As previously disclosed, on November 17, 2023, the Company issued Senior Convertible Promissory Notes (collectively, the “November 2023 Senior Convertible Notes”), in an aggregate amount of $4.0 million, to several existing lenders and investors in the Company, including Israel Biotech Fund I, L.P., Israel Biotech Fund II, L.P., Arkin Bio Ventures L.P. and Biotel Limited (the “Noteholders”). The Senior Convertible Notes are convertible into shares of the Company’s common stock, par value $0.001 per share (the “Common Stock”) at any time at the option of the Noteholders, and are subject to mandatory conversion upon certain events, including a change of control transaction and certain financing transactions involving the Company, at a conversion price equal to the lower of (i) 50% of the Common Stock’s price per share as of market close on November 16, 2023 and (ii) 50% of the Common Stock’s price per share as of the close of market on the Trading Day immediately prior to the date of the Notice of Conversion, subject to certain adjustments. In connection with the issuance of the November 2023 Senior Convertible Notes, the Company issued to the Noteholders warrants to purchase an aggregate of 15,000,000 shares of the Common Stock with an exercise price equal to the lower of (A) 50% of the Common Stock’s price per share as of market close on November 16, 2023 and (ii) 50% of the Common Stock’s price per share as of the close of market on the Trading Day immediately prior to the date of the Notice of Exercise of the warrant, subject to adjustment, which exercise may be on a cashless basis.

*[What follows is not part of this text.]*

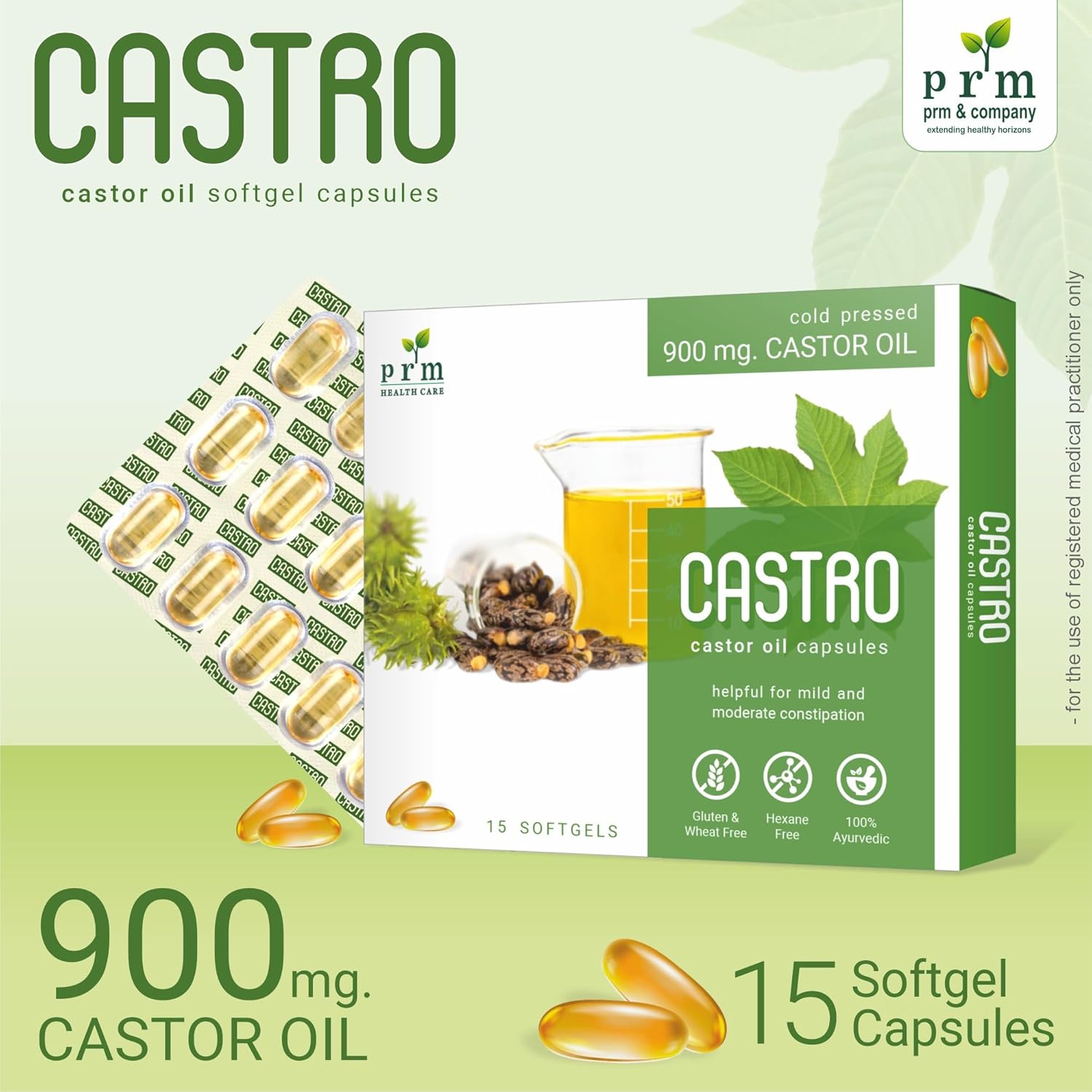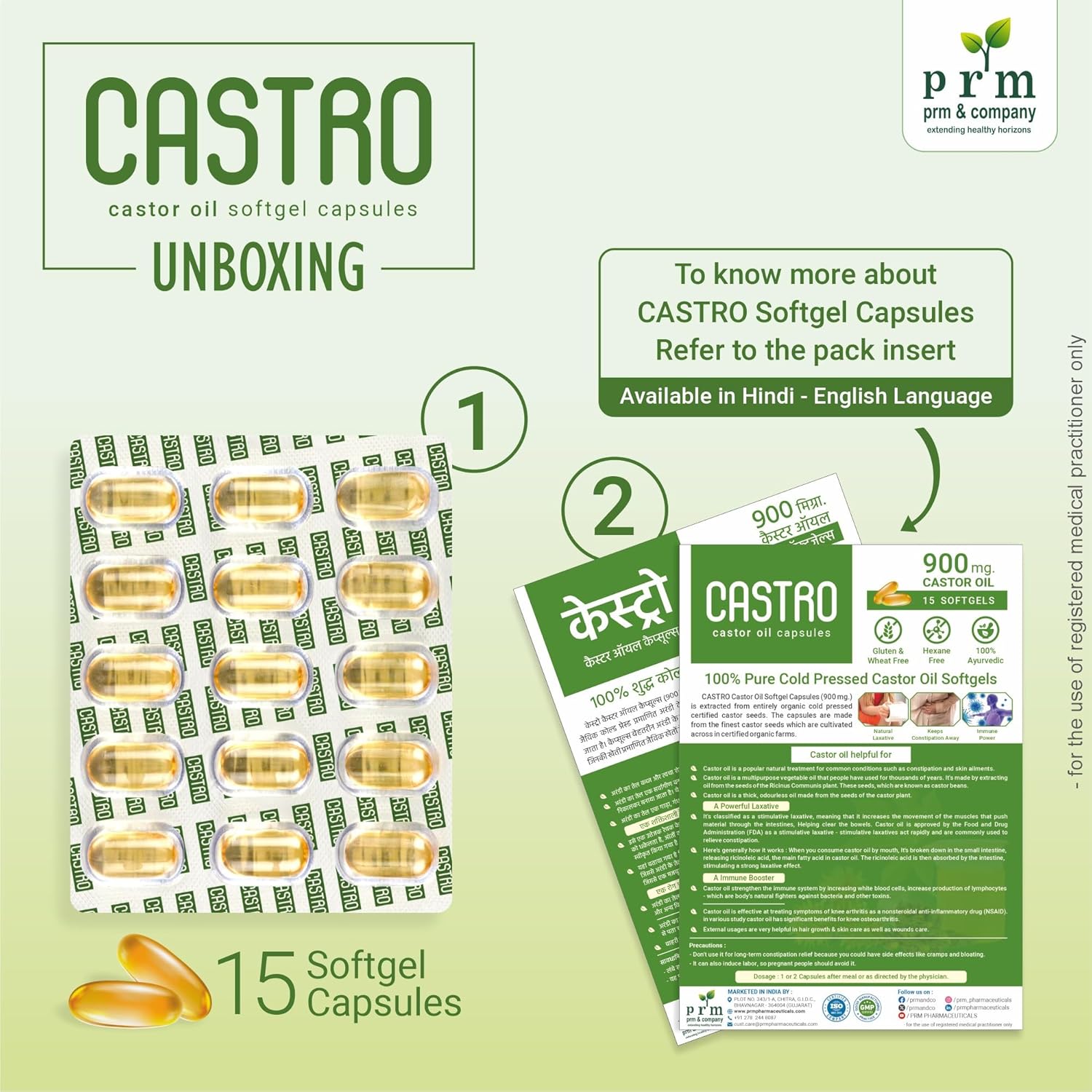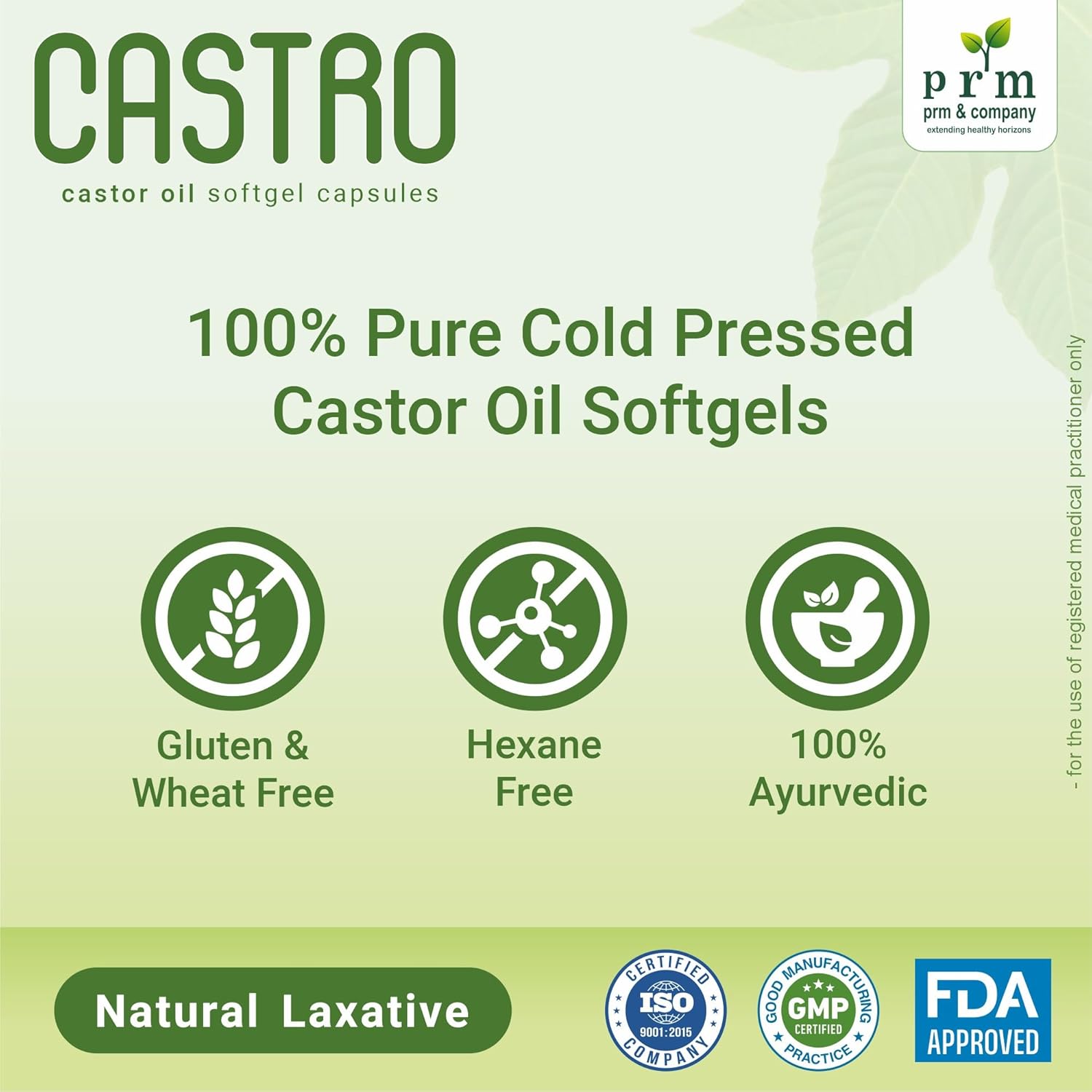 CASTRO Castor Oil Softgel Capsules (900 mg.) are extracted from entirely organic cold pressed certified castor seeds. The capsules are made from the finest castor seeds which are cultivated across in certified organic farms.

Pursuant to the Side Letter Agreement (New Notes) between the Noteholders and the Company also entered into on November 17, 2024, the Noteholders have the right to lend an additional $4.0 million dollars to the Company on the same terms, including warrant coverage. This right is exercisable until the earliest of (i) May 17, 2024, (ii) the date of consummation of a Change of Control Transaction, and (iii) the date of consummation of a Financing Transaction (both as defined in the such Side Letter Agreement).

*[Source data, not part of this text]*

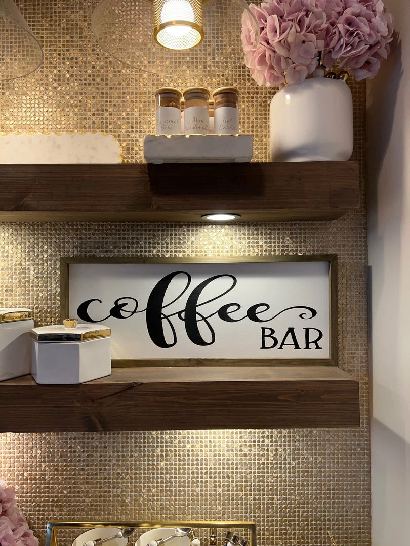 Description: This wooden sign is perfect for your coffee bar! Place it on a shelf or hang it on the wall to display.
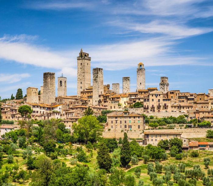 Da qualunque luogo si arrivi, San Gimignano svetta sulla collina, alta 334 metri, con le sue numerose torri. Ancor oggi se ne contano tredici. Dalla costellazione di villaggi rurali di piccole proporzioni del periodo etrusco e poi di quello romano, si passò, verso la fine dell'Alto Medioevo, nel X secolo, alla formazione del nucleo più antico dell'attuale centro storico. Monumenti di particolare interesse sono il Duomo o Chiesa Collegiata, consacrata nel 1148, arricchita da pregevoli affreschi di scuola senese, il Palazzo Comunale e la Chiesa di Sant’Agostino.
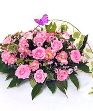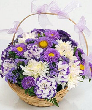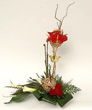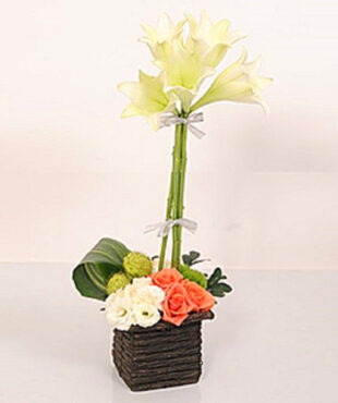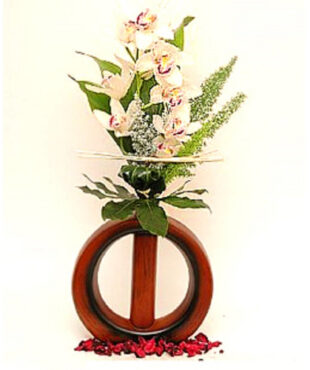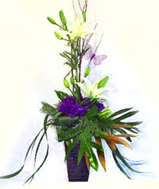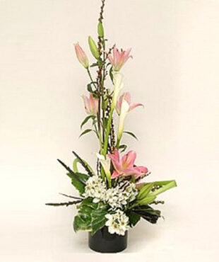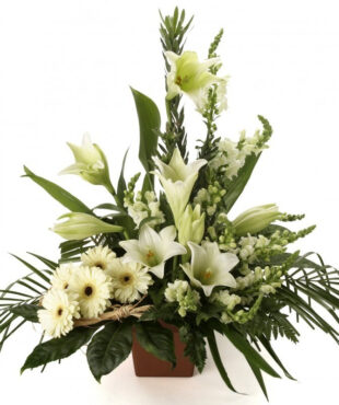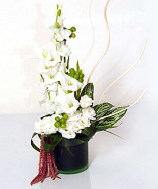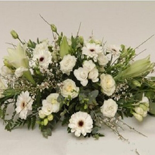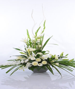 סידור שולחני מאורך, המורכב מליזאנטוס שושן צחור בתוספת ענפי ירק ופרחים לבנים תואמים. סידור מושלם לחג.
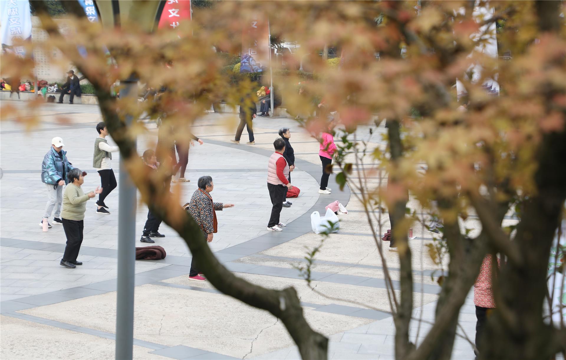11月24日下午,在铜梁城区雪庵公园内阳光倾洒,趁着冬日里难得的暖阳,市民纷纷走出家门,跳广场舞、游玩、散步……尽情享受着冬日的馈赠。

On March 1, 2024, the Company issued Senior Convertible Promissory Notes to the Noteholders (collectively, the “March 2024 Senior Convertible Notes”), in substantially the same form as the November 2023 Senior Convertible Notes, in connection with the loan by the Noteholders to the Company an additional $2.0 million, pursuant to their rights under the Side Letter Agreement (New Notes). In connection with the issuance of the March 2024 Senior Convertible Notes, the Company issued to the Noteholders warrants to purchase an aggregate of 7,500,000 shares of the Common Stock on the same terms as the warrants issued on November 17, 2023.

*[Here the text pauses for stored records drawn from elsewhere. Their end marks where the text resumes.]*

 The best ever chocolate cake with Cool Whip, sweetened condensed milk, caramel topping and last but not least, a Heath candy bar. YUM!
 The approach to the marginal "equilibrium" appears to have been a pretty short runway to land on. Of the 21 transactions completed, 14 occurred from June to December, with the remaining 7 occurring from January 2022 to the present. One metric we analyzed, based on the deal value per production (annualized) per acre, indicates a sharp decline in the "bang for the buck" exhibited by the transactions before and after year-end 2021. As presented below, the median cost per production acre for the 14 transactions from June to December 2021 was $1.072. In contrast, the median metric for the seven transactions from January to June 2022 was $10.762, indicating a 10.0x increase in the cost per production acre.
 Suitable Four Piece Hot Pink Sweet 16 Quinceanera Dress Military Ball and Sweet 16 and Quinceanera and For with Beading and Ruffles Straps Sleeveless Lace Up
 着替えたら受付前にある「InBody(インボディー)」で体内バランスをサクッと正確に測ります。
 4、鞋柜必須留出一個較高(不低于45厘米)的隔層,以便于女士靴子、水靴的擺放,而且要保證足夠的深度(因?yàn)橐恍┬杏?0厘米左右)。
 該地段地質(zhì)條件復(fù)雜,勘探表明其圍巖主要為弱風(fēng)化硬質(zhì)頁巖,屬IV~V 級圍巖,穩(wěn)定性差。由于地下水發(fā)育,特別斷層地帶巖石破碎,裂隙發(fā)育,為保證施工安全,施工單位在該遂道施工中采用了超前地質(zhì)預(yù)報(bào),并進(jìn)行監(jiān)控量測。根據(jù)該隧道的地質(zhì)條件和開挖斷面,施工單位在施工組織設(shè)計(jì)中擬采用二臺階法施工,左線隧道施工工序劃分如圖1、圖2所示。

The shares of Common Stock issuable upon conversion of the March 2024 Senior Convertible Notes and such warrants are covered by the Registration Rights Agreement dated as of November 17, 2023 entered into by the Company and the Noteholders providing to the Noteholders customary rights with respect to the registration of the shares of Common Stock issuable upon conversion of the notes or exercise of the warrants under the Securities Act of 1933, as amended.
The March 2024 Senior Convertible Notes, the warrants issued in connection therewith, and the shares of Common Stock issuable pursuant to the conversion of such notes and the exercise of such warrants, were offered and sold pursuant to the exemption from the registration requirements of the Securities Act of 1933, as amended, afforded by Section 4(a)(2) thereof, for the sale of securities not involving a public offering.
The foregoing summaries of the March 2024 Senior Convertible Notes and the warrants issued in connection with the March 2024 Senior Convertible Notes do not purport to be complete and are qualified in their entireties by reference to the full copies of such agreements and instruments, which are attached as exhibits 10.1 and 10.2, respectively, to this Form 8-K and incorporated into this Item 2.03 by reference.